Its an 8 gal mega pot. Maybe its too wide but the 1800w burner just didn't cut it. I'm very happy with the 3500w burner. I always read maintain a good rolling boil?
That's a less than spectacular pot from an induction point of view. The Vollrath Optio line is basically the same construction. The difference in performance between a made in China Vollrath Optio stockpot and a made in the U.S.A. Vollrath Tri-Ply stockpot is noticeable.
The thing that I have noticed about the Chinese induction-ready stockpots is that they sing and/or buzz at a high frequency when used on an induction range. That's due to less than complete bonding between the layers in the bottom. My children would squawk about a high-pitched ringing sound when I used the Chinese-made Vollrath stockpot. I could hear a lower-pitched singing sound until the stockpot heated up and expanded, but they said that it was like listening to a loud mosquito. The Vollrath Tri-Ply sounds like it has been placed on a gas range when placed atop an induction range.
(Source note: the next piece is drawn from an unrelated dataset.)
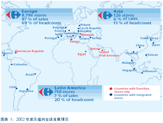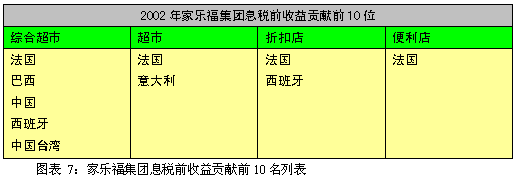 图表7,我们可以看到2002年家乐福息税前收益的前10位中综合超市占领了半壁江山,同时也可以发现中国仅次于法国,巴西而成为家乐福在2002年中的销售重点之一。

Most home brewers boil too aggressively (I am guilty too). The generally accepted evaporation rate is six to ten percent per hour. Six to ten percent per hour on a 4-gallon boil is 0.24 to 0.4 gallons per hour. I was averaging roughly 0.65 gallons per hour on my induction range, which was an evaporation rate of roughly 14% when spread over the entire boil. If you are boiling down to 2.5 gallons from 4 gallons in a hour, then your evaporation rate is 37.5%. https://byo.com/hops/item/2816-better-boils-adding-body-mr-wizard
As a very general rule, it takes anywhere from 60–90 minutes of boiling accompanied by 6–10% reduction in wort volume to accomplish the basic goals of wort boiling. Evaporation rate is really an indicator of the fact that the wort indeed boiled as expected and is also an indicator of how much DMS removal occurred during the boil. The removal of DMS has really become the single largest topic about boiling because DMS is such a distinctive and potentially objectionable aroma. During the boil, S-methyl methionine from malt is converted to the aromatic and volatile dimethyl sulfide. If the boil is not sufficiently vigorous, the boil wort may contain enough residual DMS to be detected in the beer. Many brewers judge the intensity of the boil by how much the surface appears to roll and the term “rolling boil” is applied to wort that is properly boiling. Since wort boiling is so energy intensive there are very real economic reasons to reduce evaporation and the obsession with DMS removal goes hand-in-hand with this pursuit. Excessive evaporation, over about 15%, is also an indicator of excess thermal stress and can lead to problems with beer foam, flavor stability and development of wort flavors undesirable to some beer styles.